Look below for the line that contains "JEEP吉普休閒褲男士夏季2026新款薄冰絲彈力長褲直筒速乾涼感褲子", then quote it and all the lines after it, exactly, with the pictures left out.

[Dataset excerpts]
== == ==

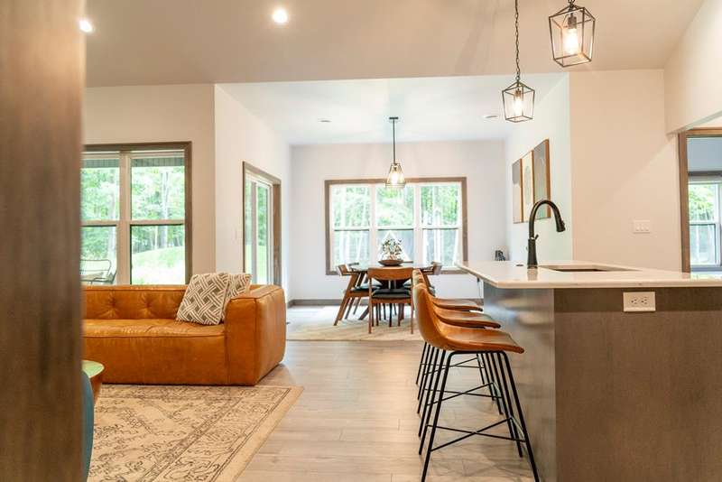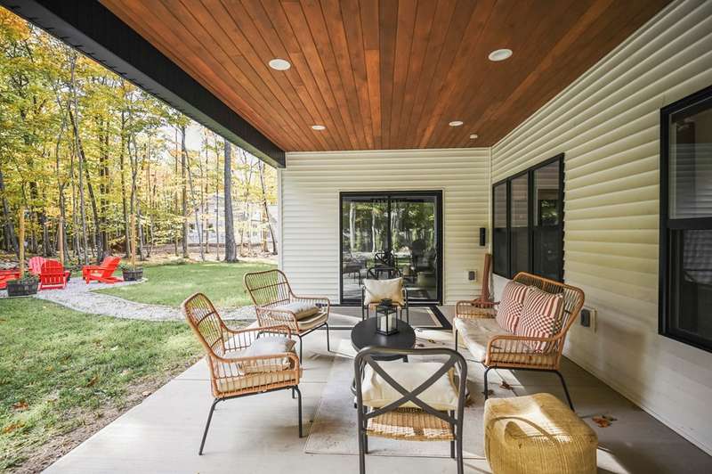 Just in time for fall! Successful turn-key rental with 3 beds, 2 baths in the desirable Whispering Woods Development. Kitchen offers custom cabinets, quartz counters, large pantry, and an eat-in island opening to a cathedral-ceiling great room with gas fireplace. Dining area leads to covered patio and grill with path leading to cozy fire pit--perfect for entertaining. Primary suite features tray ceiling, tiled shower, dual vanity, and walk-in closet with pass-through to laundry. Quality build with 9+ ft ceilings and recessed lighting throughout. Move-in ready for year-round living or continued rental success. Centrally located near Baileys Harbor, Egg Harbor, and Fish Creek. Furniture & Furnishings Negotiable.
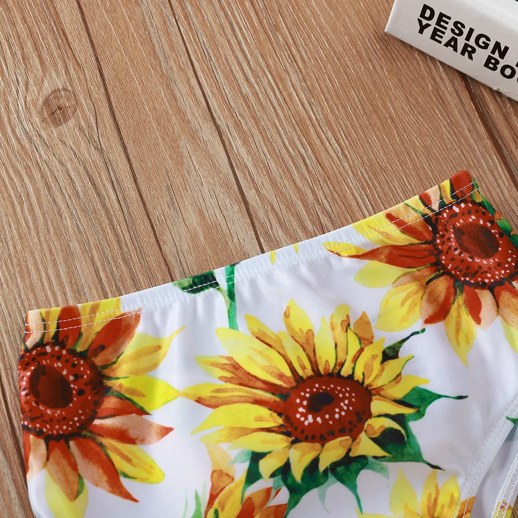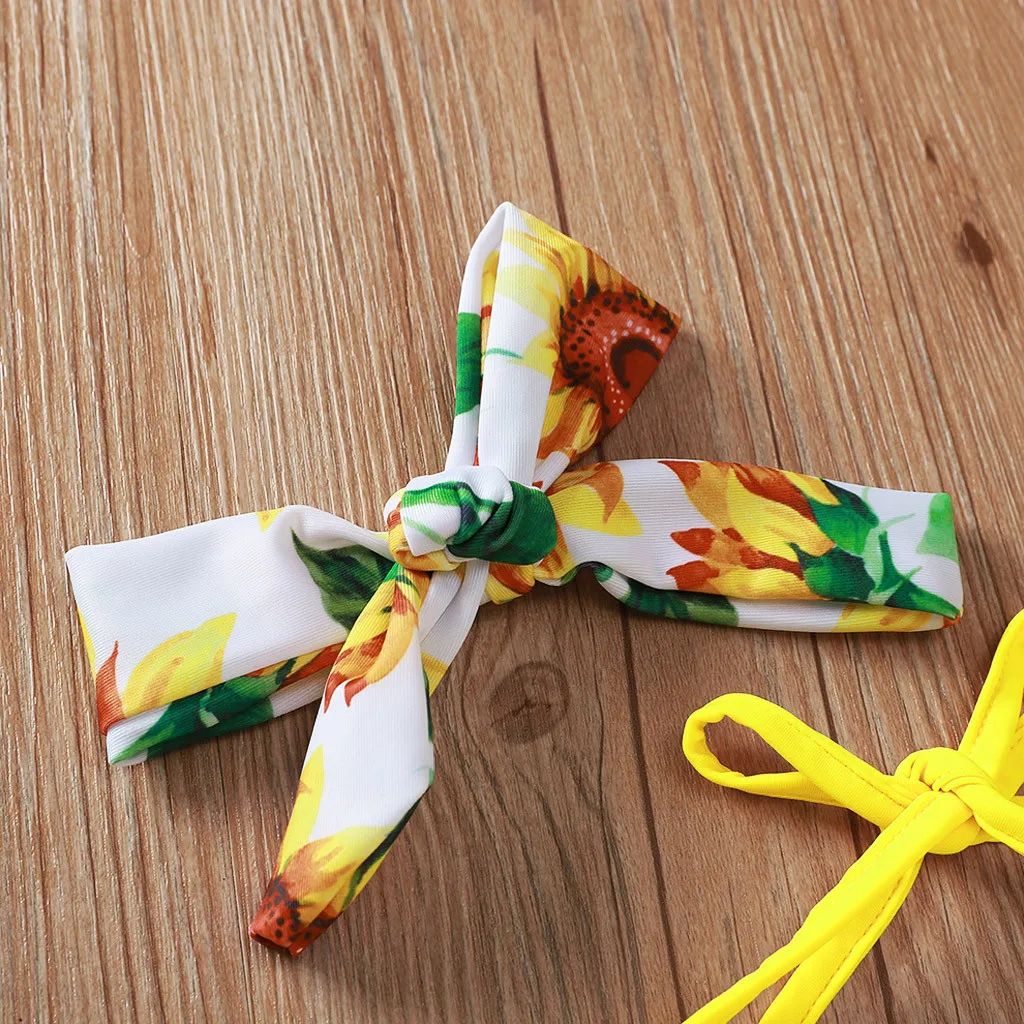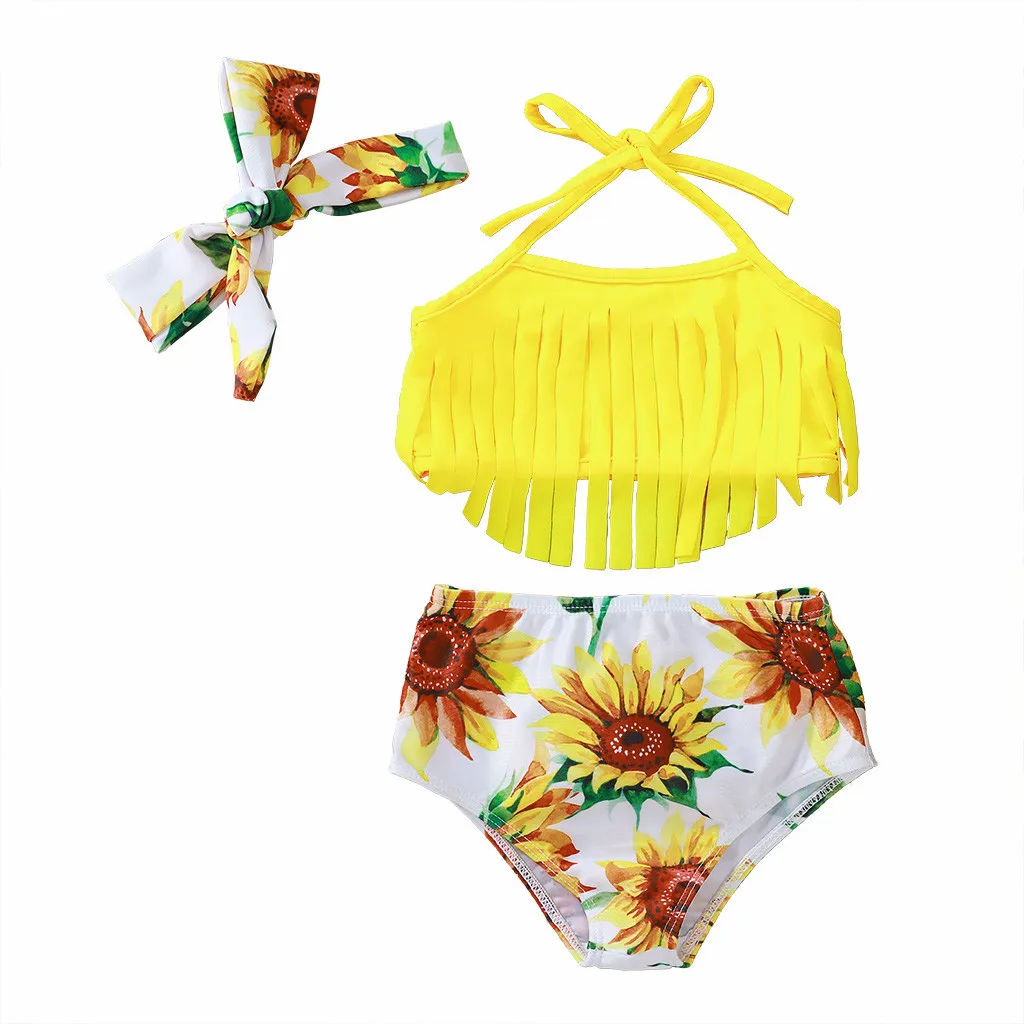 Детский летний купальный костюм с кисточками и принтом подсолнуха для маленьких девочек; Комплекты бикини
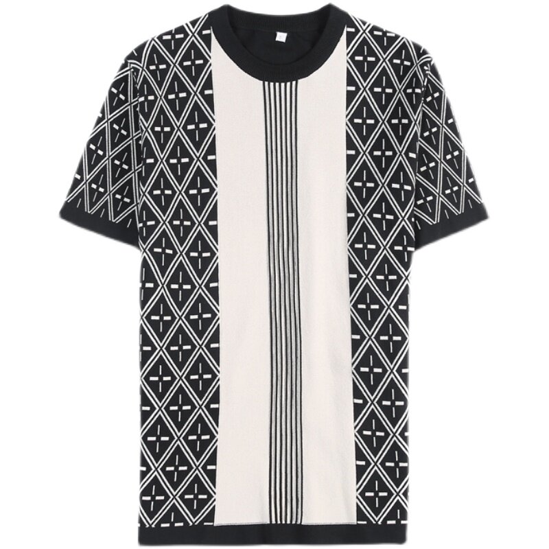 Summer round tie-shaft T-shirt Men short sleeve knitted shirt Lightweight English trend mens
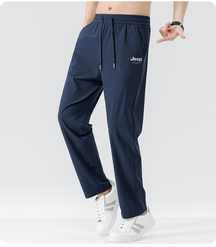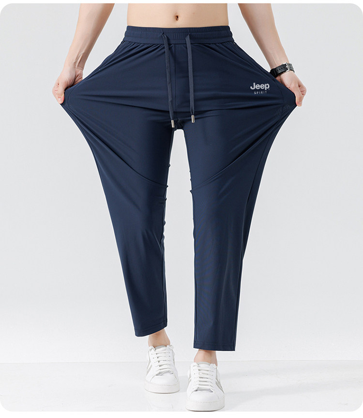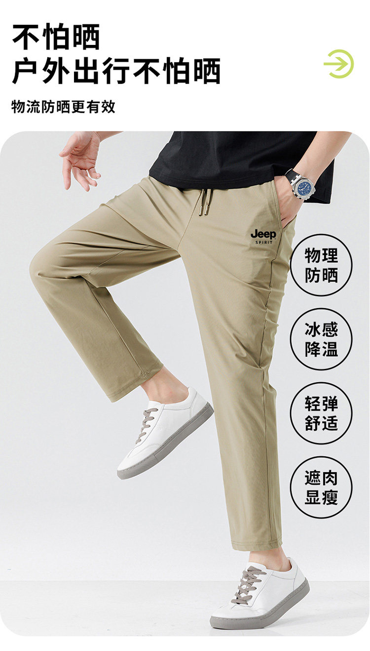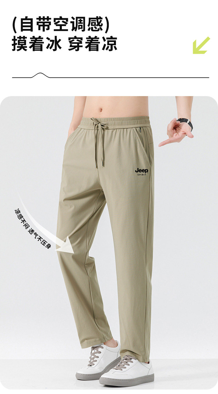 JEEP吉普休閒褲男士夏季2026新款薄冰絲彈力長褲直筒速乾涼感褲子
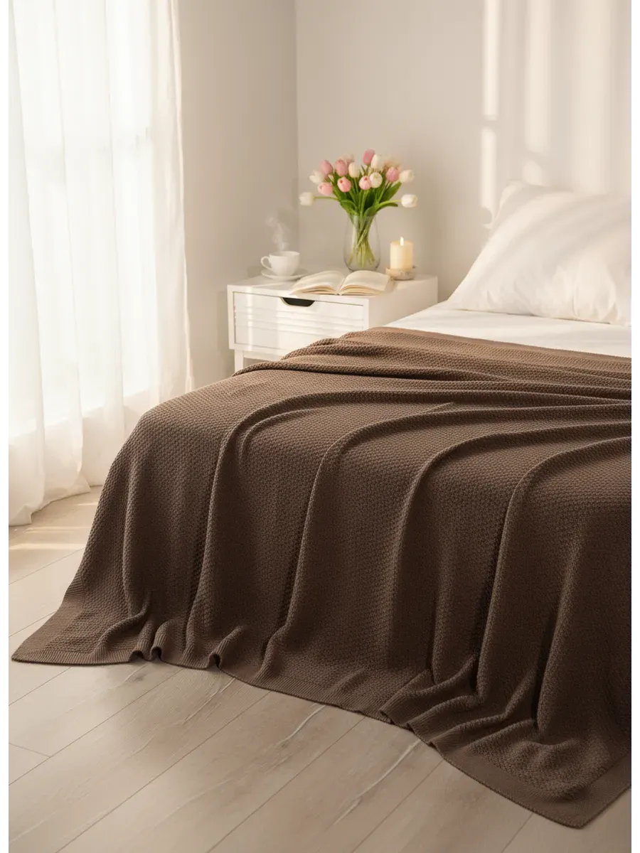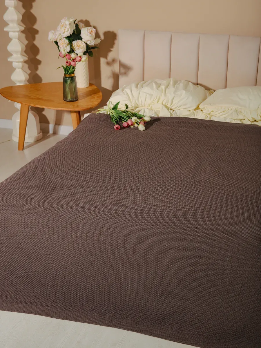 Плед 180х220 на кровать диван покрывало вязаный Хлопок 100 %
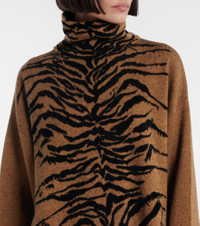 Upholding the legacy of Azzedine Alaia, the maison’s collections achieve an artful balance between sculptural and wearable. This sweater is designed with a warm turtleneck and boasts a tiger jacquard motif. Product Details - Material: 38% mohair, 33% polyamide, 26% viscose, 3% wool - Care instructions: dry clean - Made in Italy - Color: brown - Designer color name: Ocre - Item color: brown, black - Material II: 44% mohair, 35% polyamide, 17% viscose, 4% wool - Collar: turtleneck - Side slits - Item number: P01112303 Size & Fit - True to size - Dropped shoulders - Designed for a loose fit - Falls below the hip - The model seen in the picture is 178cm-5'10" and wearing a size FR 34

== == ==

◆ **Result of the exercise**
 JEEP吉普休閒褲男士夏季2026新款薄冰絲彈力長褲直筒速乾涼感褲子
 Плед 180х220 на кровать диван покрывало вязаный Хлопок 100 %
 Upholding the legacy of Azzedine Alaia, the maison’s collections achieve an artful balance between sculptural and wearable. This sweater is designed with a warm turtleneck and boasts a tiger jacquard motif. Product Details - Material: 38% mohair, 33% polyamide, 26% viscose, 3% wool - Care instructions: dry clean - Made in Italy - Color: brown - Designer color name: Ocre - Item color: brown, black - Material II: 44% mohair, 35% polyamide, 17% viscose, 4% wool - Collar: turtleneck - Side slits - Item number: P01112303 Size & Fit - True to size - Dropped shoulders - Designed for a loose fit - Falls below the hip - The model seen in the picture is 178cm-5'10" and wearing a size FR 34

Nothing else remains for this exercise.